**WHAT YOU SHOULD DO:** Nothing but the lines below from the one that contains "Workbench and sketchbooks" through the one that contains "Minimalist yaklaşım ve" should be retyped, exactly and including both ends. Do not include pictures.

SOURCE DATA below:

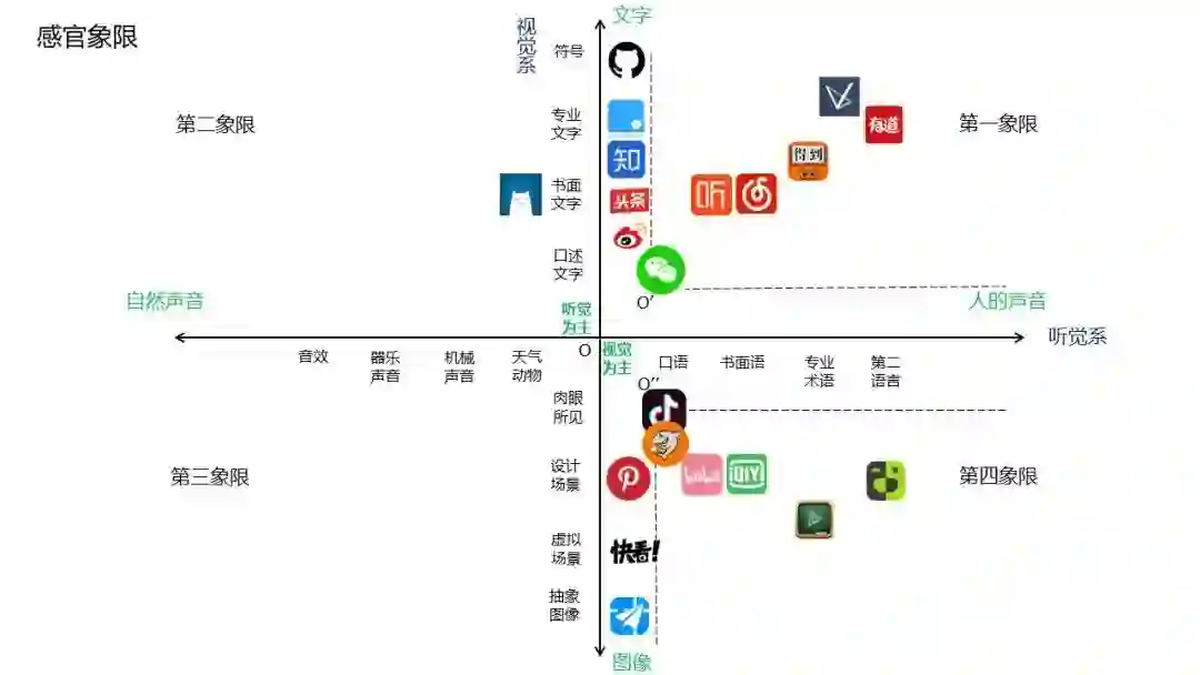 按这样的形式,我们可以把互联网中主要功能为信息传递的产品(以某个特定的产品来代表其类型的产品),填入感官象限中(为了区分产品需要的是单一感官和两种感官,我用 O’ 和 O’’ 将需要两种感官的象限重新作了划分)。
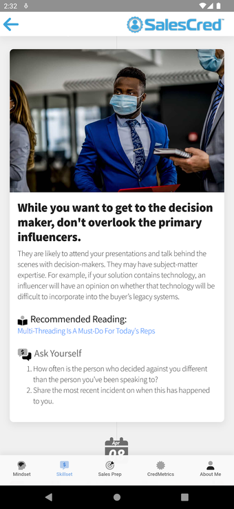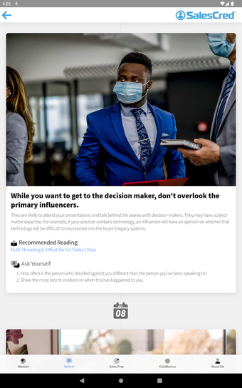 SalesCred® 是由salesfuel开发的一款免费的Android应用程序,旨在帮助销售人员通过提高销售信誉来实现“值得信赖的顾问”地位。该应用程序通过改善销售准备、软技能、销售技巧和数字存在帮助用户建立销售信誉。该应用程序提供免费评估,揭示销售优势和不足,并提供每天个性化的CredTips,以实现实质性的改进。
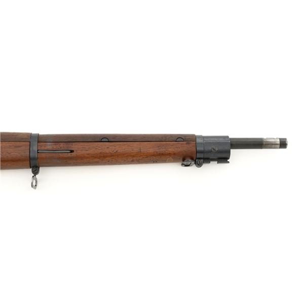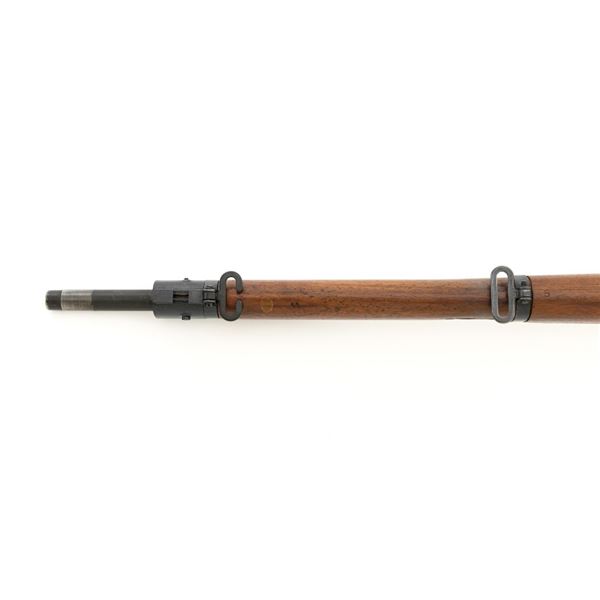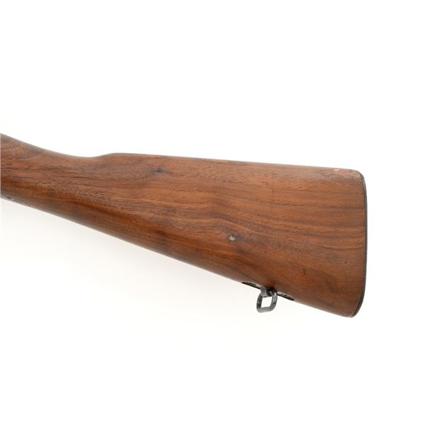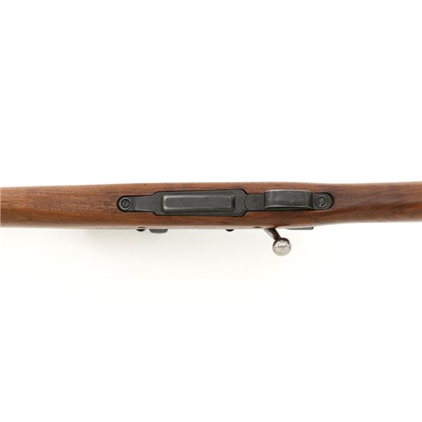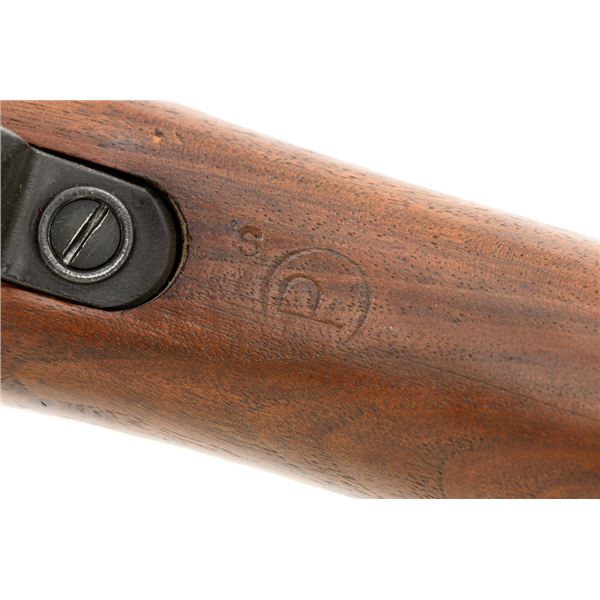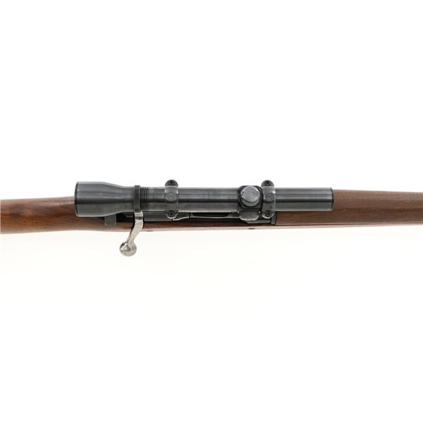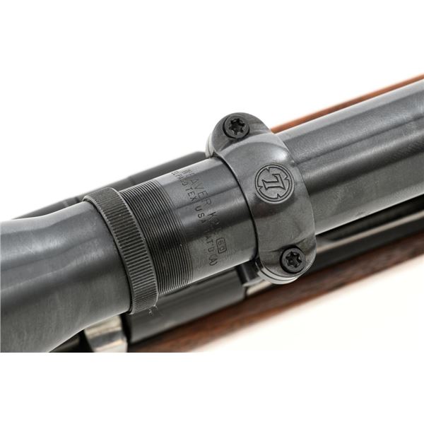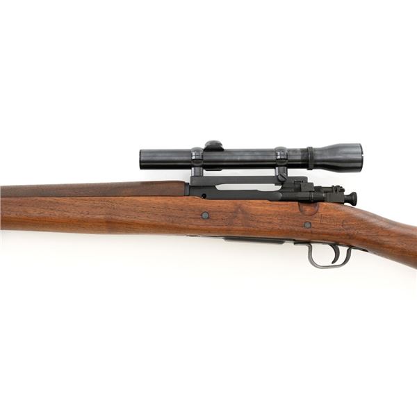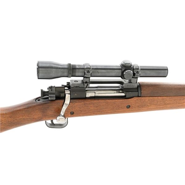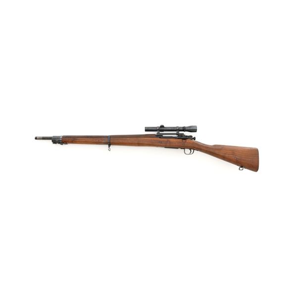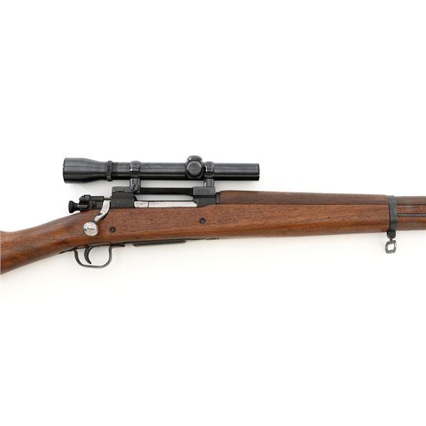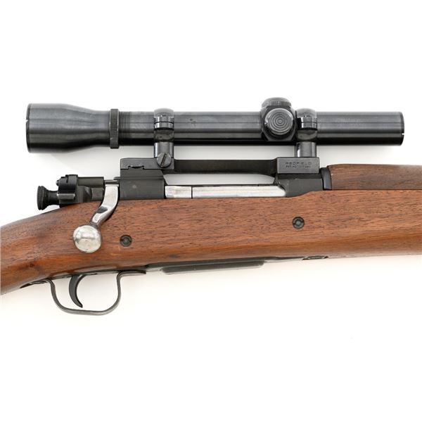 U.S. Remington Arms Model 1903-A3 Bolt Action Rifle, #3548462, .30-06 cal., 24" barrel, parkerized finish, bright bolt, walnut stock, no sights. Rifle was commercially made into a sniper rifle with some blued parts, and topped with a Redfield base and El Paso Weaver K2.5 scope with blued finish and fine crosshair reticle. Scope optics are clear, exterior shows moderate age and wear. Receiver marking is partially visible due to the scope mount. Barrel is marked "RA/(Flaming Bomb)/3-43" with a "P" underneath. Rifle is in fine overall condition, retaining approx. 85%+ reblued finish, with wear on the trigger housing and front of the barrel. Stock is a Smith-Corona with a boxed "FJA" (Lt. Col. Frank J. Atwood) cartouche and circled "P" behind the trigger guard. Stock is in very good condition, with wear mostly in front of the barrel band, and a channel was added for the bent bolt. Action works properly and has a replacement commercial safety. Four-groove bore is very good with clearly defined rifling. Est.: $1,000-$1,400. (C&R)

End of SOURCE DATA.
SOURCE DATA below:

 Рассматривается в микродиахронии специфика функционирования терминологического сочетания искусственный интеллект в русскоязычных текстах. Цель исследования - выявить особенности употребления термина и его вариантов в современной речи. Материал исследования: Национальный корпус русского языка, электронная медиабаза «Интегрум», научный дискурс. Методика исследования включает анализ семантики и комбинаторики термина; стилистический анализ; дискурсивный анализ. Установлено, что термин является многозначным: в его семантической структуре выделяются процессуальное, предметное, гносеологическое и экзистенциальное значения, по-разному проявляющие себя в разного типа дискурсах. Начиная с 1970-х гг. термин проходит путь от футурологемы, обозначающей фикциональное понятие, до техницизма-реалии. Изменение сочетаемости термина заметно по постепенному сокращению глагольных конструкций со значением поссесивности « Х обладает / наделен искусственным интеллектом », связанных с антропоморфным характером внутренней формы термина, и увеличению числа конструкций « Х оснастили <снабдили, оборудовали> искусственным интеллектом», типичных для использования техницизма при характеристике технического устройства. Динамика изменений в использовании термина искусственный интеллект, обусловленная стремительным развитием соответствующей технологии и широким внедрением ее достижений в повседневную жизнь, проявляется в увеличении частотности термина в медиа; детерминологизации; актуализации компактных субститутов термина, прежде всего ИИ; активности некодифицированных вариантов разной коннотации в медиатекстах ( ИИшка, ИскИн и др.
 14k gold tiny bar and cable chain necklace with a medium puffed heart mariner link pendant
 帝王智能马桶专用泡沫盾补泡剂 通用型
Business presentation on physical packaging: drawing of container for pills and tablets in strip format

End of SOURCE DATA.
SOURCE DATA below:

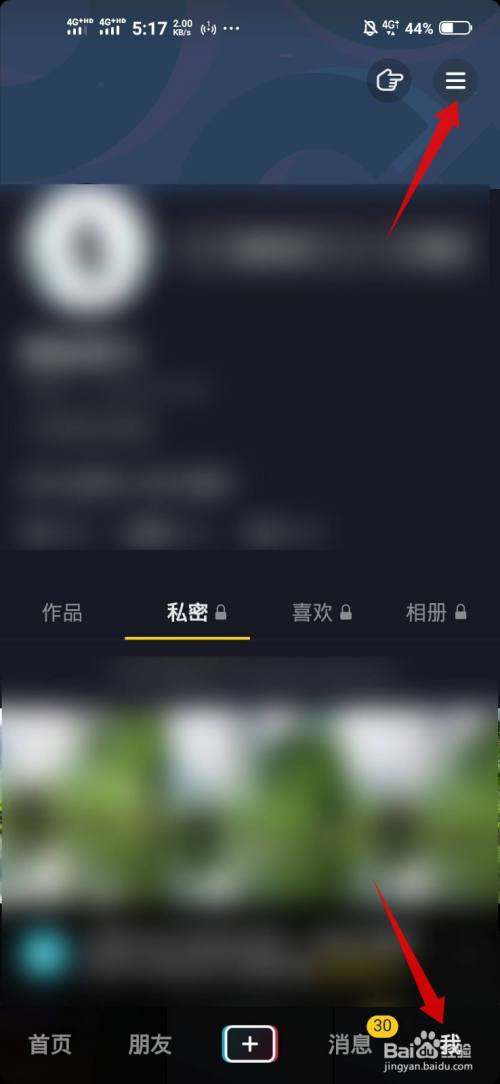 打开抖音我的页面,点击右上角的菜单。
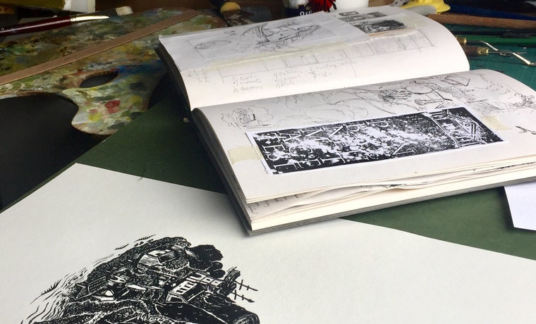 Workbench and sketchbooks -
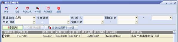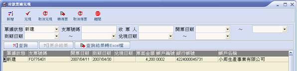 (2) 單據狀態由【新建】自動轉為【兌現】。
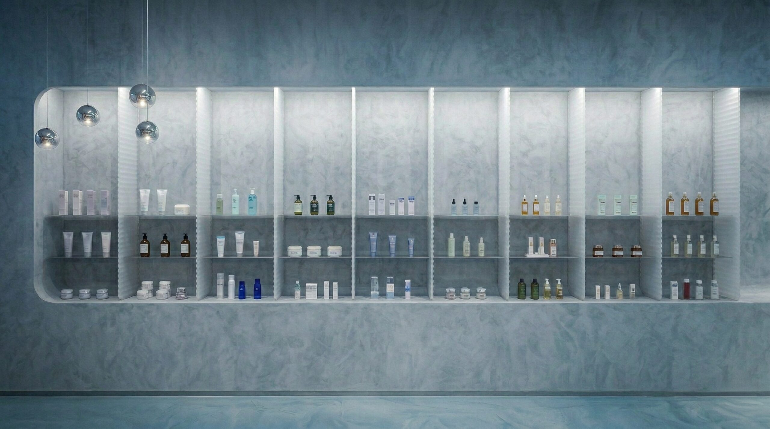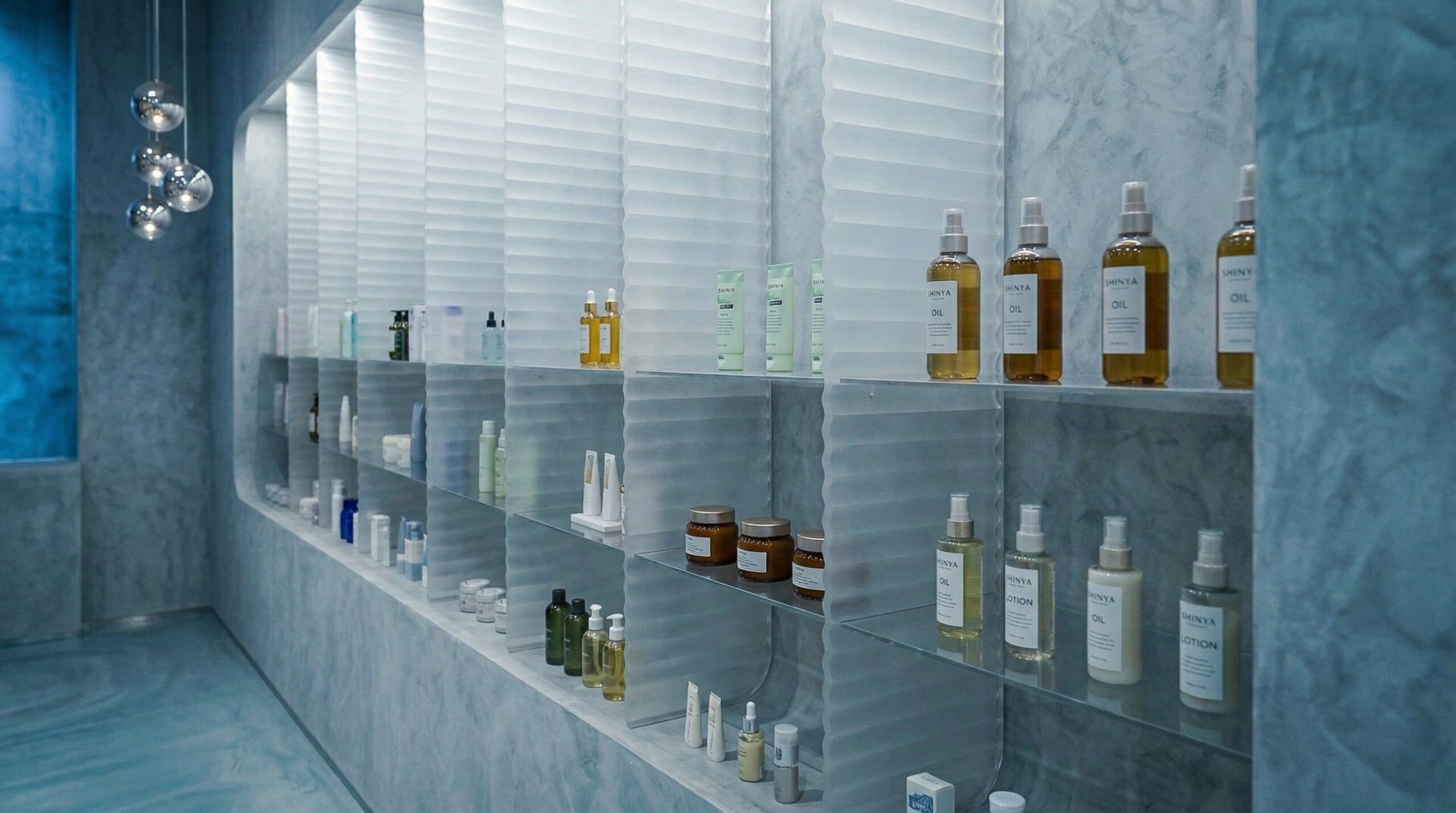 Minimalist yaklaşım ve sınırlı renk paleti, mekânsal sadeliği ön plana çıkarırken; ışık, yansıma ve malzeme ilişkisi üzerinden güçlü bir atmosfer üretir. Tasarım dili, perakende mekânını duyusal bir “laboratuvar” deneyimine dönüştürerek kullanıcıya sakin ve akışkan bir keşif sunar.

End of SOURCE DATA.

**ANSWER BOX:**
 Workbench and sketchbooks -
 (2) 單據狀態由【新建】自動轉為【兌現】。
 Minimalist yaklaşım ve sınırlı renk paleti, mekânsal sadeliği ön plana çıkarırken; ışık, yansıma ve malzeme ilişkisi üzerinden güçlü bir atmosfer üretir. Tasarım dili, perakende mekânını duyusal bir “laboratuvar” deneyimine dönüştürerek kullanıcıya sakin ve akışkan bir keşif sunar.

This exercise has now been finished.